4.3 Milieu et dévolution

A priori, les réseaux socio-techniques de l'entreprise ne sont pas d'abord faits pour former, mais agencés dans une finalité de production. Il devrait logiquement en découler que tout acteur de l'entreprise possède préalablement les compétences nécessaires pour agir au sein de ces réseaux, afin d'atteindre les objectifs qui lui sont fixés. Si l'on suit ce raisonnement, la situation d'un élève en formation par alternance, ou plus globalement d'un novice quel qu'il soit, est a priori difficile, puisqu'il se retrouve dans des environnements qui ne sont pas organisés pour former, mais dans une logique de production pour laquelle il ne possède pas encore les compétences. Dans ces conditions, comment l'élève peut-il agir et apprendre ?

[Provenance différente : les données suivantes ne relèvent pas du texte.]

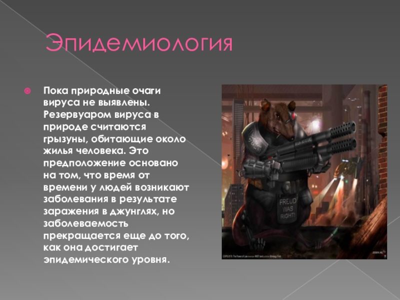 грызуны, обитающие около жилья человека. Это предположение основано на том, что время от времени у людей возникают заболевания в результате заражения в джунглях, но заболеваемость прекращается еще до того, как она достигает эпидемического уровня.
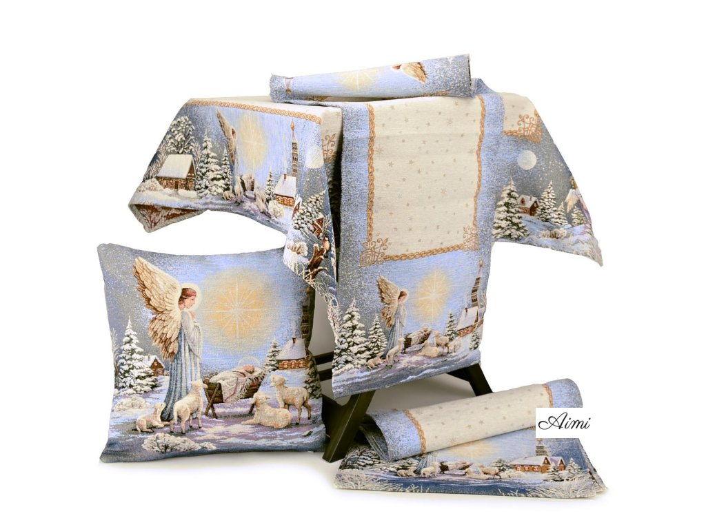 Gobelínový Chenille Vianočný obrus - rôzne rozmery a obliečka na vankúš - Anjel a Ježiško

On ne contestera pas, bien entendu, le bien fondé de ces deux arguments. Malgré tout, ils répondent de manière incomplète à notre question. Compte tenu de la complexité de ses environnements de travail et des objectifs qui lui sont fixés, un élève-ingénieur ne peut s'appuyer uniquement sur des connaissances issues des enseignements reçus, de la vie courante, ou même "d'auto-apprentissage". Il y a nécessité de situations où les contraintes industrielles, exigeant de fortes compétences, s'effacent partiellement au profit d'objectifs plus spécifiquement didactiques (Chevallard, 1992).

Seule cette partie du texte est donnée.